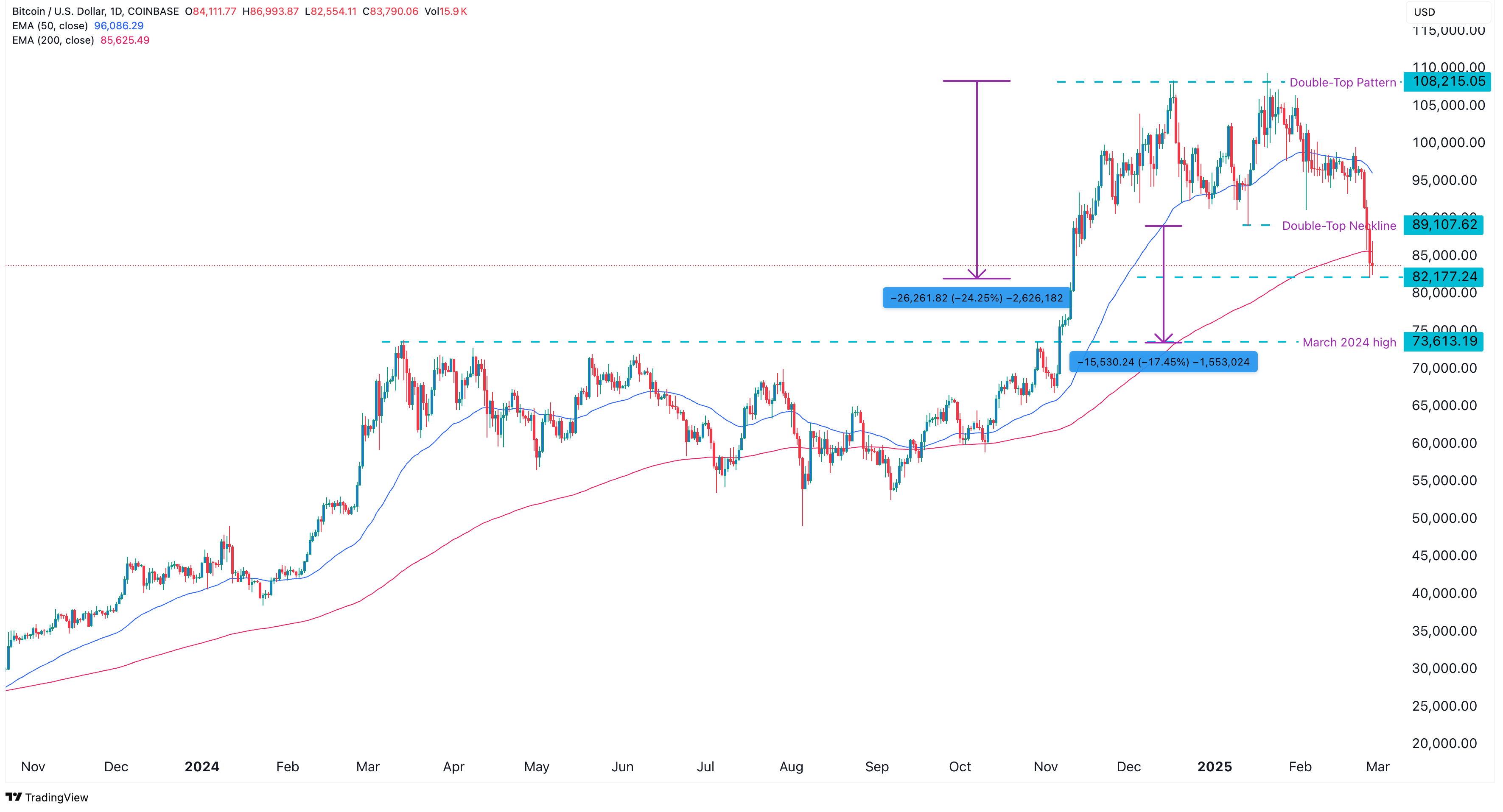 Inzwischen befindet sich der BTC Kurs unter 80.000 US-Dollar und damit unterhalb aller EMA Linien. Das ist ein weiteres Zeichen dafür, dass die Bären die Kontrolle haben. Dementsprechend zeigt die wahrscheinlichste Bitcoin Prognose auf einen bärischen Trend mit dem nächsten wichtigen Unterstützungsniveau bei 73.615 US-Dollar, dem höchsten Stand im März 2024.
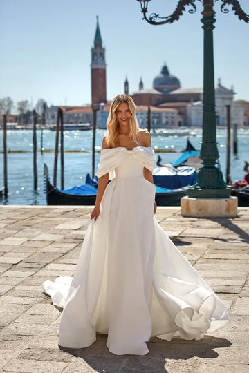 Vestido de novia de crepé con hombros descubiertos, pliegues y lazo, corte en A, largo hasta el suelo, con espalda recortada
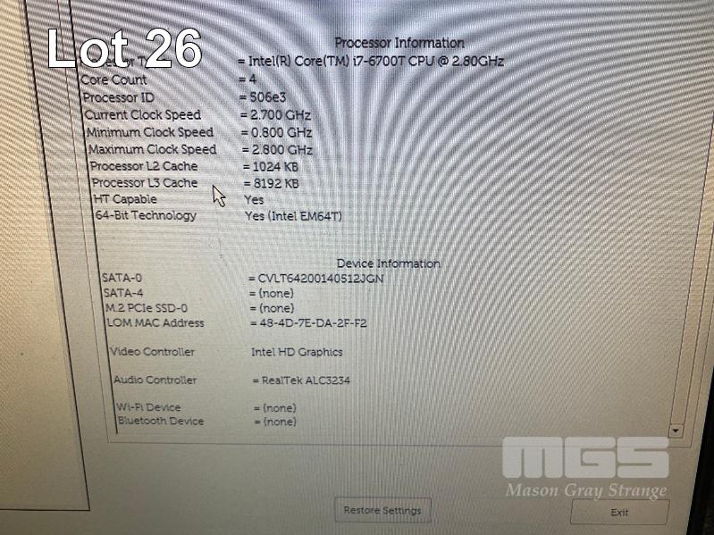 DESKTOP PC, DELL OPTIPLEX 7040 MICRO, CORE i7 6700T (6TH GEN) @ 2.8GHz, 16GB DDR4 RAM, 512GB SSD, INTEL HD VIDEO, 6 x USB, WINDOWS 10 HOME INSTALLED, KEYBOARD, MOUSE & POWER SUPPLY S/N:6YB51H2
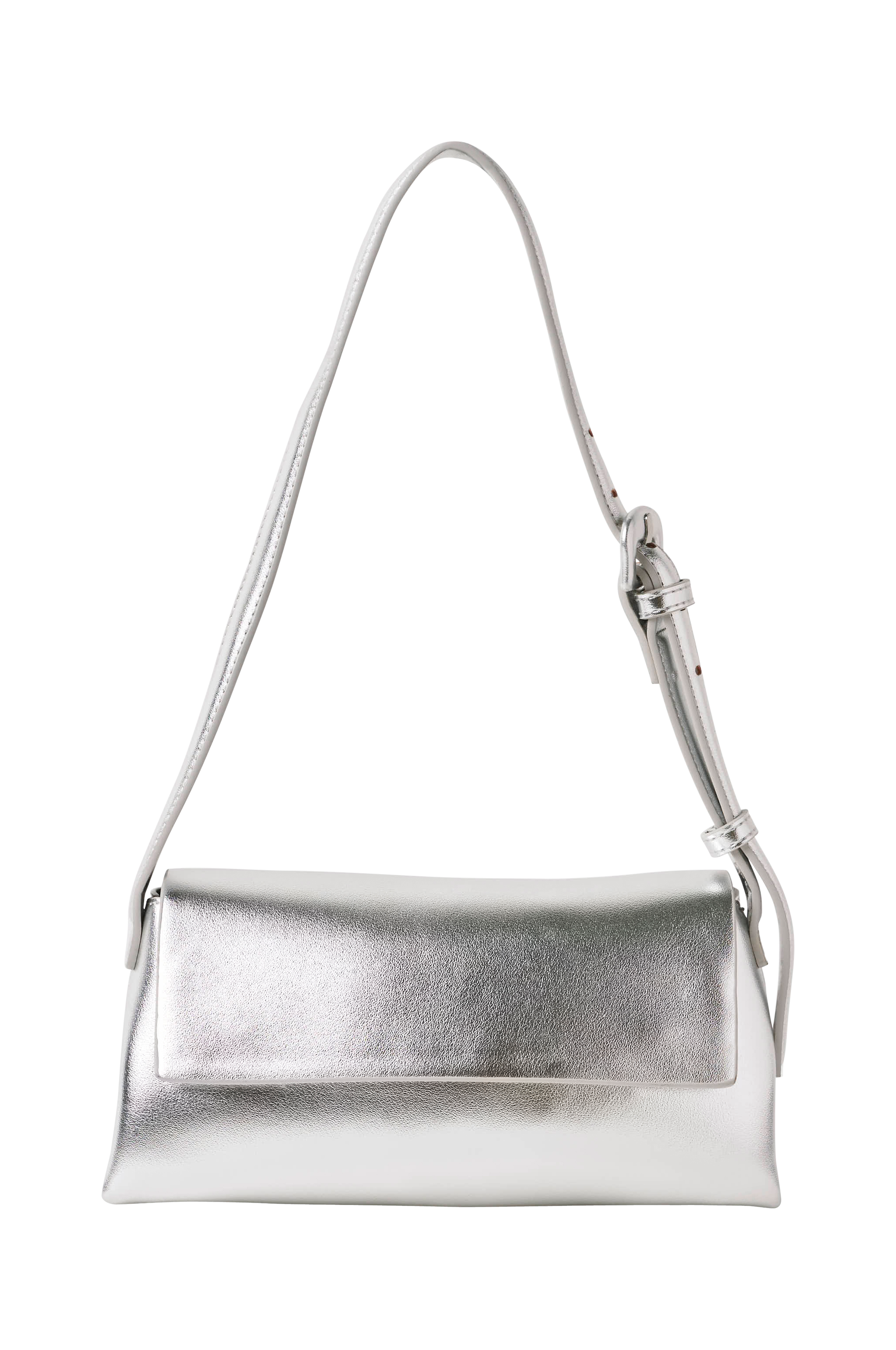 • Hopeanvärinen laukku PU:sta• Kansi magneettilukituksella• Säädettävä olkain• Mitat: B 24 x H 14 x D 7 cm
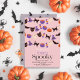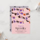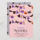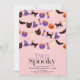 This cute "spooky one" halloween girl's 2nd/second birthday invitation features a pink background with Halloween motif garlands including a black cat, bat, ghost, pumpkin, candy, witch hat, and cauldron. The reverse side features a purple background with spider web patterns. Personalise it for your needs. You can find matching products at my store.
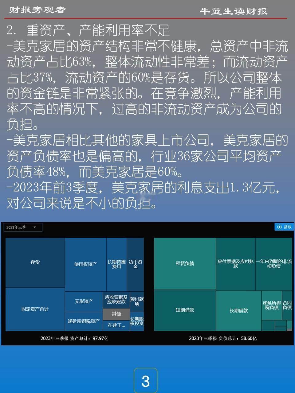 -美克家居的资产结构非常不健康,总资产中非流动资产占比63%,整体流动性非常差;而流动资产占比37%,流动资产的60%是存货。所以公司整体的资金链是非常紧张的。在竞争激烈,产能利用率不高的情况下,过高的非流动资产成为公司的负担。
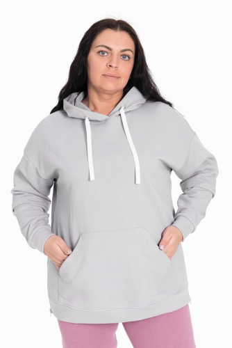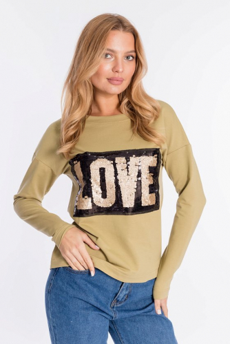 Джемпер выполнен из футер петли с лайкрой цвета хаки. С длинным спущенным рукавом, горловина лодочкой, низ с перепадом длины. Спереди декоративная нашивка с пайетками.
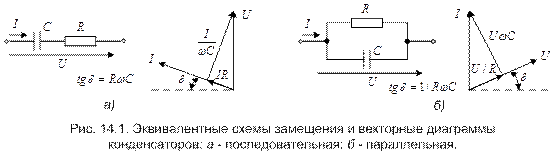 На рис.14.1,а и б показаны эквивалентные схемы замещения и векторные диаграммы двух наиболее распространенных способов представления конденсаторов - последовательной и параллельной схемами замещения.
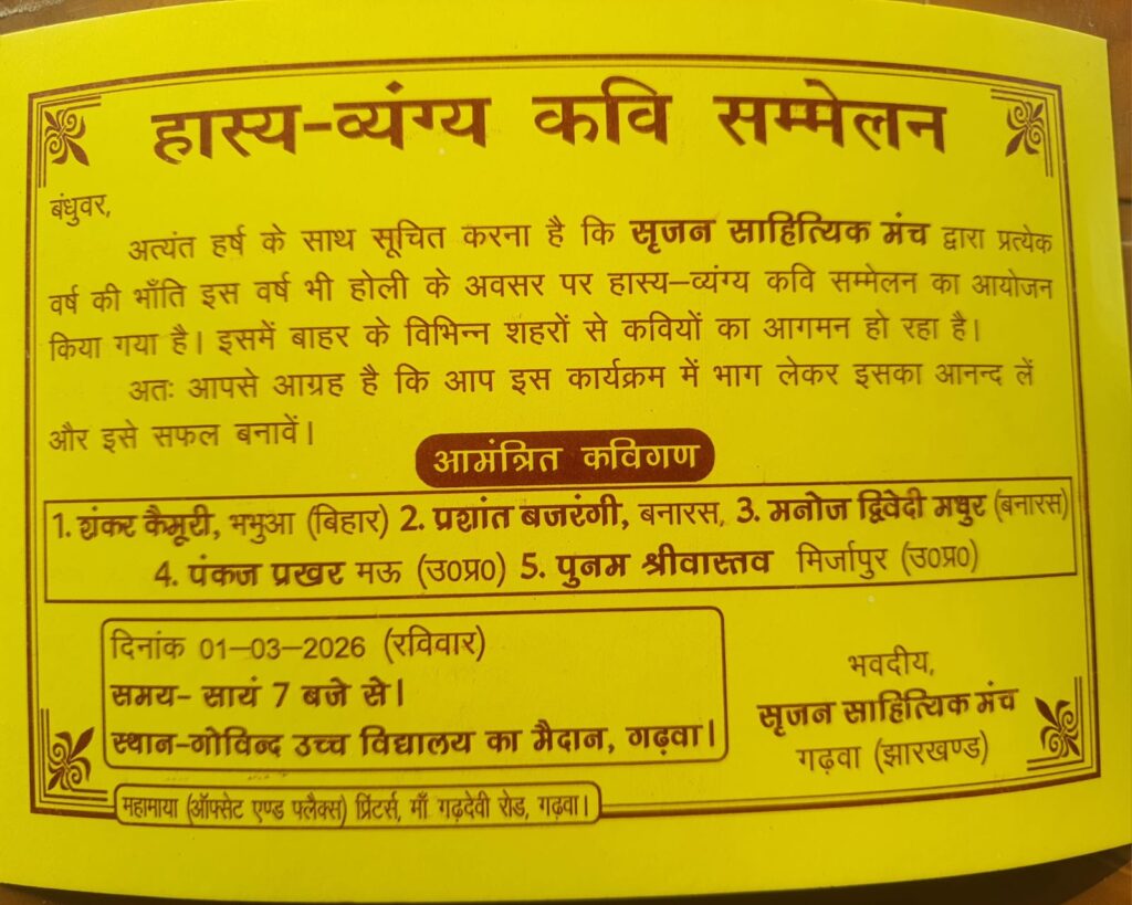 “गढ़वा में होली पर हास्य-व्यंग्य कवि सम्मेलन, देशभर के कवि देंगे रंगीन प्रस्तुति”
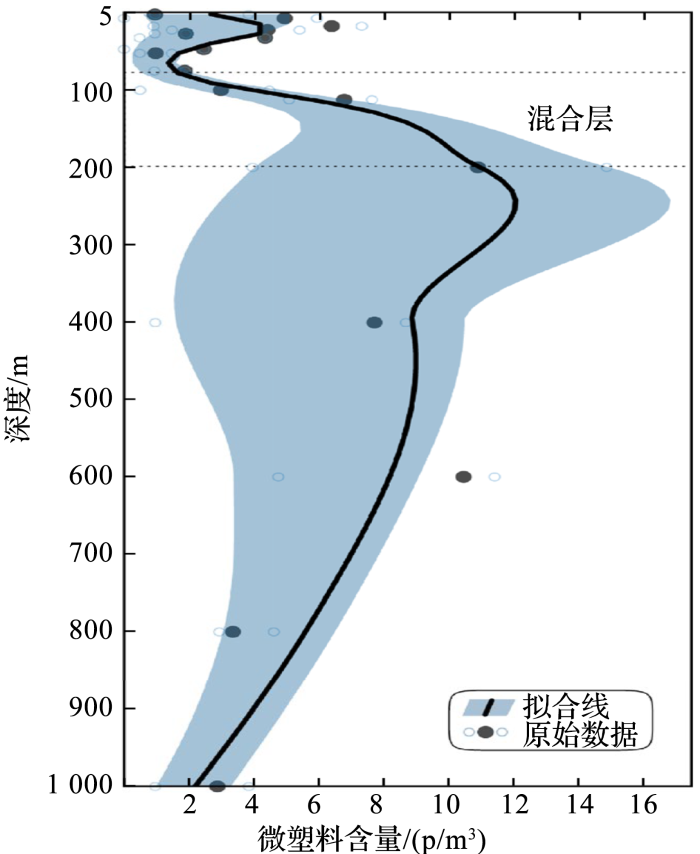 ... 海洋微塑料在全水柱中都有分布,并呈现不均一性.据少量浮游生物分层拖网在北大西洋亚热带环流区的航次调查,发现微塑料碎屑广泛分布在水柱顶部0~5 m范围内,其含量随深度呈指数衰减,到5 m深度几乎为0[37 ,38 ,39 ] .美国加州岸外蒙特利湾调查结果显示(图2 ),水柱中微塑料含量峰值为15 p/m3 ,出现在200 m深度的混合层底边界,而低值(2.9 p/m3 )出现在顶部5 m深度和底部1 000 m深度[40 ] .北冰洋中央海盆调查结果也同样发现微塑料含量峰值(0~375 p/m3 )出现在上部混合层水体中[41 ] ,说明海洋微塑料在水柱中的垂直分布受到海水分层的影响. ...
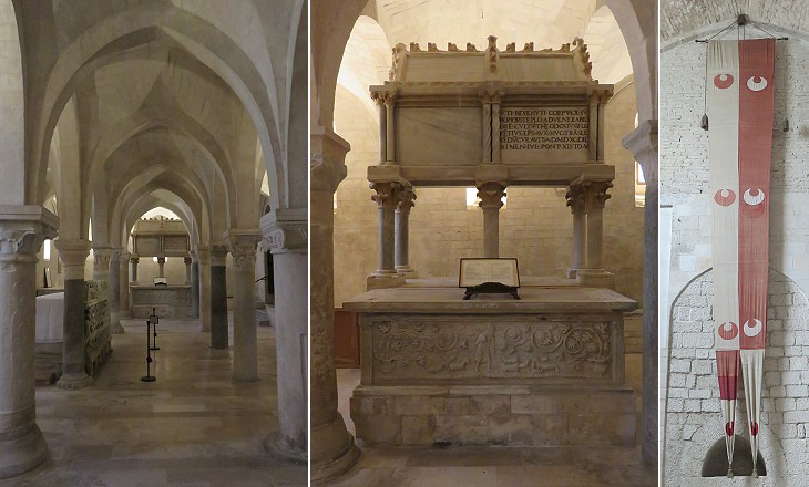 Cathedral: (left/centre) crypt and sarcophagus containing the body of St. Benvenuto, Bishop of Ancona in 1263-1282; (right) Ottoman flag
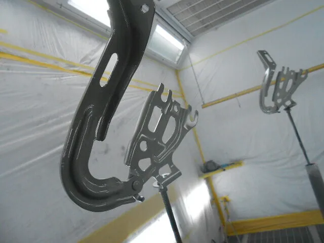 スタッフが手際よくフロントサイドフレームに向き合っています。

++++++

__WHAT YOU HAVE TO DO__: Without the pictures, copy the entries from their first line through the line containing "at my store.", and only those lines.

__SOLUTION FOR THIS TASK__:
 Inzwischen befindet sich der BTC Kurs unter 80.000 US-Dollar und damit unterhalb aller EMA Linien. Das ist ein weiteres Zeichen dafür, dass die Bären die Kontrolle haben. Dementsprechend zeigt die wahrscheinlichste Bitcoin Prognose auf einen bärischen Trend mit dem nächsten wichtigen Unterstützungsniveau bei 73.615 US-Dollar, dem höchsten Stand im März 2024.
 Vestido de novia de crepé con hombros descubiertos, pliegues y lazo, corte en A, largo hasta el suelo, con espalda recortada
 DESKTOP PC, DELL OPTIPLEX 7040 MICRO, CORE i7 6700T (6TH GEN) @ 2.8GHz, 16GB DDR4 RAM, 512GB SSD, INTEL HD VIDEO, 6 x USB, WINDOWS 10 HOME INSTALLED, KEYBOARD, MOUSE & POWER SUPPLY S/N:6YB51H2
 • Hopeanvärinen laukku PU:sta• Kansi magneettilukituksella• Säädettävä olkain• Mitat: B 24 x H 14 x D 7 cm
 This cute "spooky one" halloween girl's 2nd/second birthday invitation features a pink background with Halloween motif garlands including a black cat, bat, ghost, pumpkin, candy, witch hat, and cauldron. The reverse side features a purple background with spider web patterns. Personalise it for your needs. You can find matching products at my store.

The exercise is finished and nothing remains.